In January 2025, the FDA approved acalabrutinib in combination with BR for the treatment of adult patients with treatment-naive MCL who are ineligible for autologous hematopoietic stem cell transplantation (HSCT).2 The regulatory decision was supported by findings from the phase 3 ECHO trial (NCT02972840), which showed that patients who received the triplet achieved a significant PFS benefit compared with those treated with placebo plus BR (HR, 0.73; 95% CI, 0.57-0.94; P = .016). ECHO was initiated based on prior findings from ACE-LY-106.1
ACE-LY-106 was a multicenter, open-label study that enrolled patients with MCL harboring translocation t(11;14)(q13;q32) and/or overexpressed cyclin D1 and an ECOG performance status of 2 or less. Patients in the relapsed/refractory cohort received at least 1 prior therapy; those who received a prior BTK or BCL-2 inhibitor were excluded, as were patients with significant cardiovascular disease.
Patients received oral acalabrutinib at a dose of 100 mg twice daily from the first day of the first cycle until disease progression or intolerance. Intravenous bendamustine was administered at 90 mg/m2 over a 30-minute period on days 1 and 2 of each 28-day cycle for a maximum of 6 cycles. Rituximab 375 mg/m2 was given on day 1 of each cycle for 6 cycles. Patients in the treatment-naive cohort who experienced a response continued rituximab therapy every other cycle for up to 12 doses beginning at cycle 8.
The primary end point was safety. Secondary end points included overall response rate (ORR), duration of response (DOR), and PFS.
At baseline, the median age in the overall population (n = 38) was 65.5 years (range, 47-86). Most patients were male (63.2%), had an ECOG performance status of 1 or less (97.4%), had Ann Arbor stage IV disease (92.1%), and bone marrow involvement (63.2%). Patients had Mantle Cell Lymphoma Prognostic Index (MIPI) low- (28.9%), intermediate- (50.0%), or high-risk disease (13.2%); 7.9% of patients had missing MIPI score information. Blastoid MCL was present in 10.5% of patients.
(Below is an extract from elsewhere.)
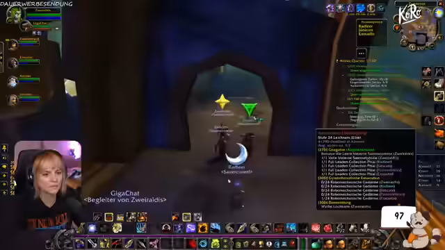 04:52:20Die Zeit nach der Instanz wurde für das Management der Gruppe und das Planen der nächsten Aktivitäten genutzt. Es wurde geklärt, wer welche Quests noch offen hat und wer weitermachen möchte. Es gab eine Verzögerung, da der Streamer sich kurz vom PC entfernen musste, aber er bat die Gruppe, auf ihn zu warten. Die Kommunikation lief über den Textchat und die Planung für die nächsten Ziele wie den Elite-Zwergen-Quest oder das Verlies wurde fortgesetzt.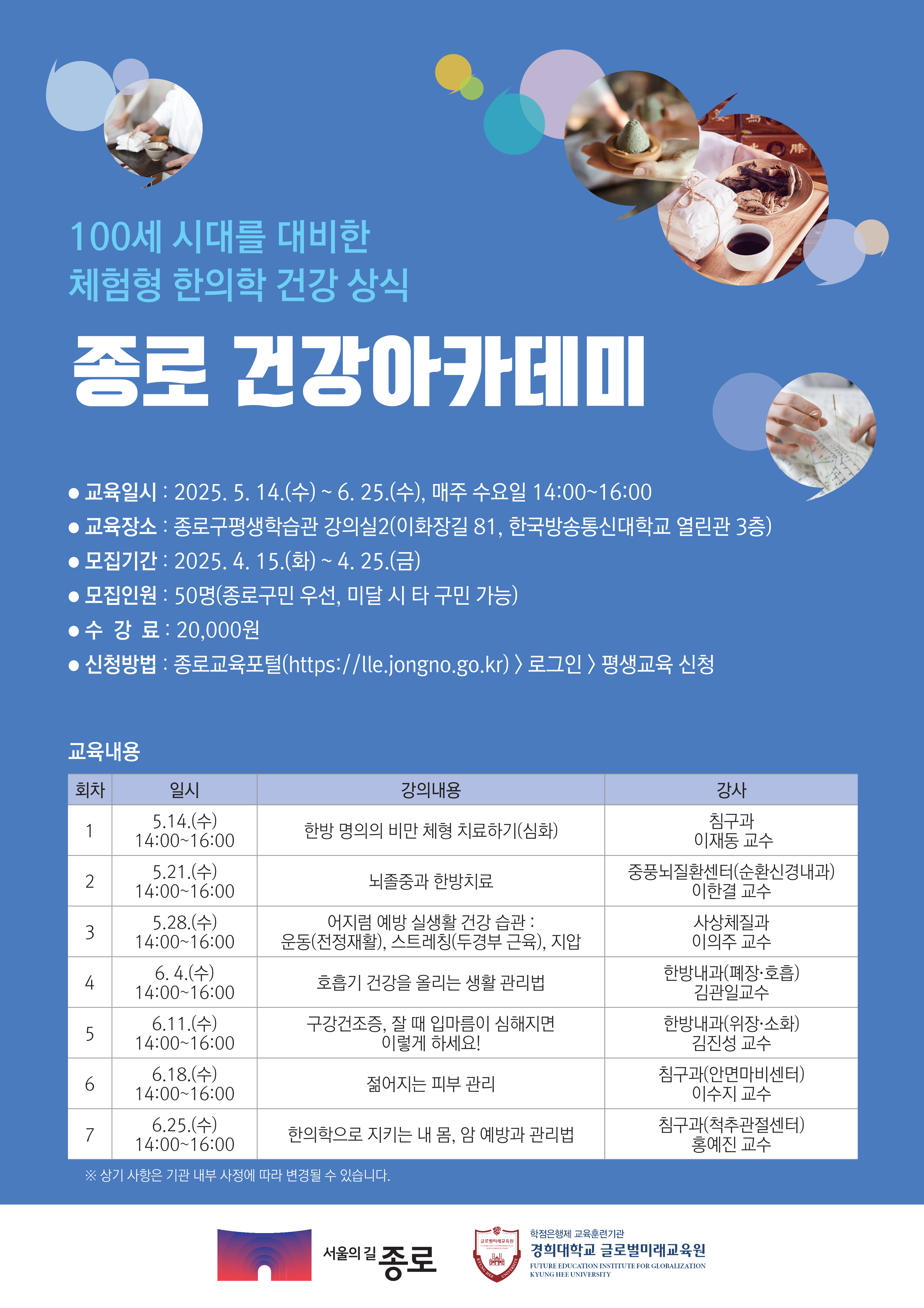 종로구에서 ‘경희대학교와 함께하는 종로 건강 아카데미’ 수강생을 모집합니다.

The investigator-assessed ORR per Lugano criteria was 94.4% (95% CI, 72.7%-99.9%) in the treatment-naive cohort, with a complete response (CR) rate of 77.8%. These respective rates were 85.0% (95% CI, 62.1%-96.8%) and 70.0% in the relapsed/refractory cohort. The median DOR was not reached and 43.5 months, respectively.
In terms of safety, common any-grade treatment-related adverse effects (AEs) in the overall population included infections (73.7%), neutropenia (60.5%), and nausea (57.9%). Any-grade serious adverse effects (SAEs) occurred in 61.1% and 65.0% of patients in the treatment-naive and relapsed/refractory cohorts, respectively. Five patients died in the treatment-naive cohort and 6 died in the relapsed/refractory cohort.
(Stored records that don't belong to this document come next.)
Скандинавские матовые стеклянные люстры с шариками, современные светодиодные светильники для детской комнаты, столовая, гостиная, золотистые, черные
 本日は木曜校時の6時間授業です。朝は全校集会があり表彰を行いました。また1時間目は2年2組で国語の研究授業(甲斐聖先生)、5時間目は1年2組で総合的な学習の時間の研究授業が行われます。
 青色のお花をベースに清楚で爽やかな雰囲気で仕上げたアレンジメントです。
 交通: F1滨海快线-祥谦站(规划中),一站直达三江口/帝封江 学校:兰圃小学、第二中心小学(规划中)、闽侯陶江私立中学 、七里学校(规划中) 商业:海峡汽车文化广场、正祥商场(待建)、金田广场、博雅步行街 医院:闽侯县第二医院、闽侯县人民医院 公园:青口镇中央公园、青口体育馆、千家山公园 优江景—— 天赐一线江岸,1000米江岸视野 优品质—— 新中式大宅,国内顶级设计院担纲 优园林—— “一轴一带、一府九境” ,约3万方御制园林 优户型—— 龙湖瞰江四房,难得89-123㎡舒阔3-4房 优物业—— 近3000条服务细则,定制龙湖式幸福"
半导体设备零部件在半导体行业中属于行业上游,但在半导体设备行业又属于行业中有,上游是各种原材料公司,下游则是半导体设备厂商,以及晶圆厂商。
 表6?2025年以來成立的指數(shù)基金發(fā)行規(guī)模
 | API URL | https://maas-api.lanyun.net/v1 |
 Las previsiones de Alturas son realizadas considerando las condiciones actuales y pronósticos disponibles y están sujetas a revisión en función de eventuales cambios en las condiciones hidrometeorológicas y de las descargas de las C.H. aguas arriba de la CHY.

At study completion, 26.3% of patients overall remained on acalabrutinib treatment. Reasons for study discontinuation included death (26.3%), disease progression (13.2%), withdrawal of consent (5.3%), withdrawal by investigator (5.3%), AEs/SAEs (7.9%), or other reasons (15.8%).
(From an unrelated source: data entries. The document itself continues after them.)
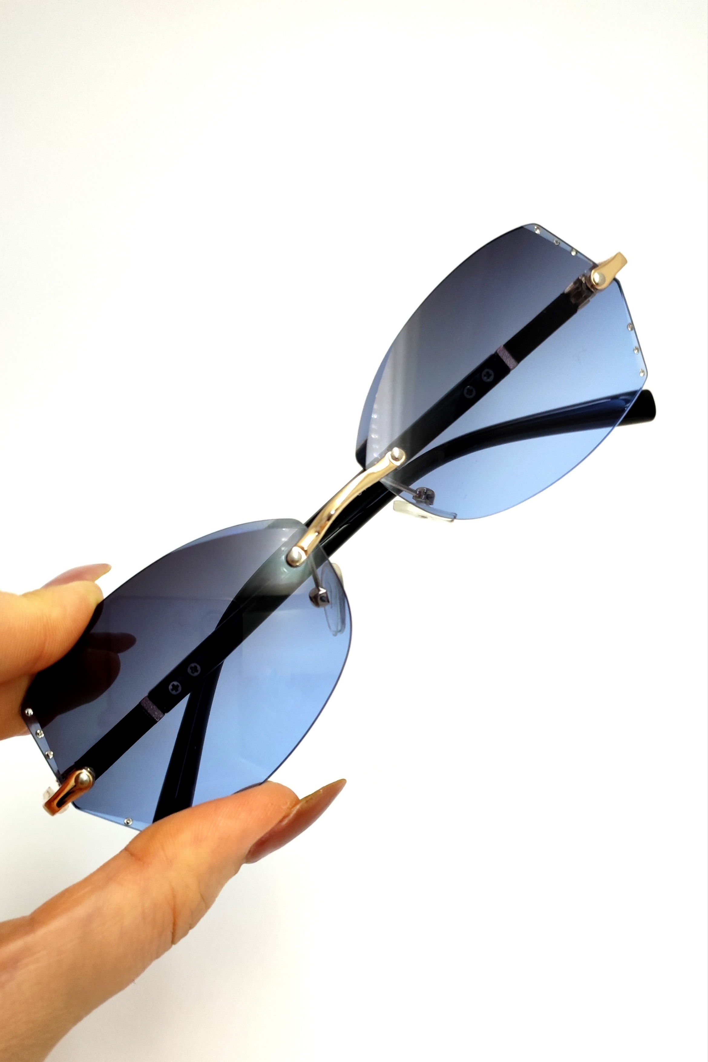 عینک آفتابی زنانه بدون فریم باریک نگیندار عدسی سورمهای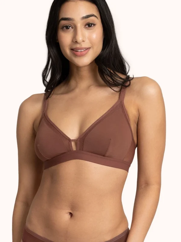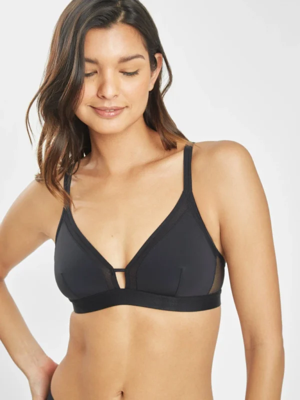 The Mesh Trim Padded Bralette Trio: Toasted Almond/Jet Black/Smoke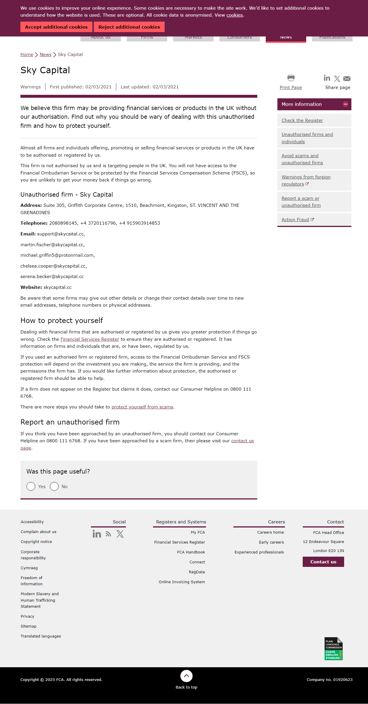 FCA未经授权公司警告名单 天空资本.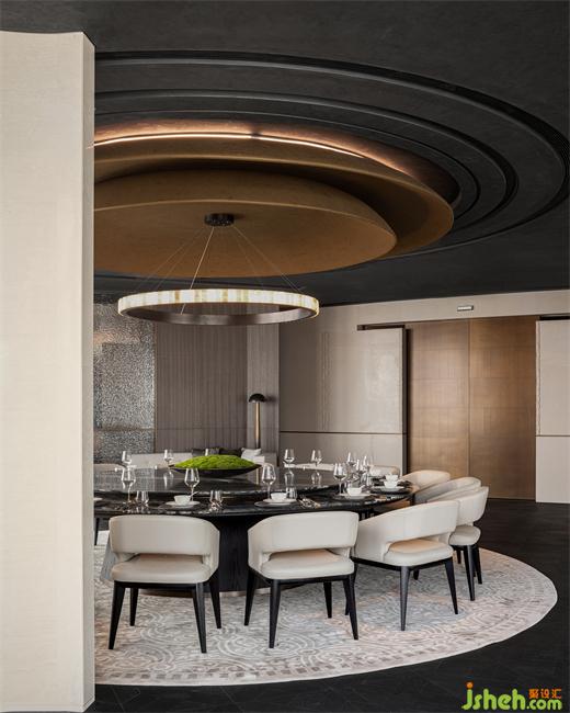 会所设计弧形曲线勾勒出三餐四季的珍重,此时此刻,相互萦绕,欢愉与共。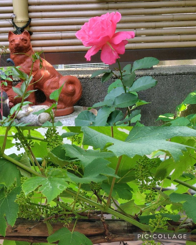 ③バラが昨日より開いていたので、ぶどう 今年もたくさん 実がつきそうです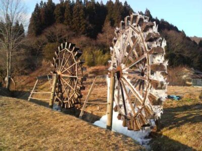 【凍りつく水車】(宮城県の水場)登米市東和町米谷相川 冬場には芸術的なつららを纏う 農家民宿近くの二連水車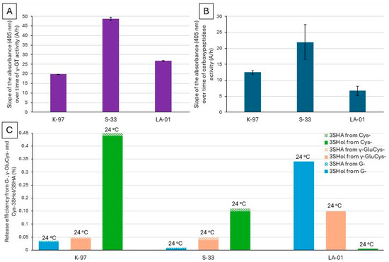 (A) γ-GT and (B) carboxypeptidase activity—slope of the absorbance (405 nm) over time (A/h). (C) Efficiency (%), at 24 °C, of free 3SHol (full) and 3SHA (dashed) release from G- (light blue), γ-GluCys- (orange), and Cys-precursors (green) (data previously published [15,16,18]). Results are means of duplicate assays.

“The safety profile of acalabrutinib plus BR is consistent with expectations for the individual agents in the combination regimen,” the study authors wrote in their conclusion. “Acalabrutinib plus BR demonstrated high efficacy in patients with treatment-naive and relapsed/refractory MCL. Nonetheless, the limited sample size presents a constraint in fully interpreting certain observations. The study findings support the further exploration of acalabrutinib plus BR in patients with treatment-naive MCL in the ongoing, placebo-controlled phase 3 ECHO trial, which aims to confirm the safety profile and efficacy of long-term acalabrutinib plus BR.”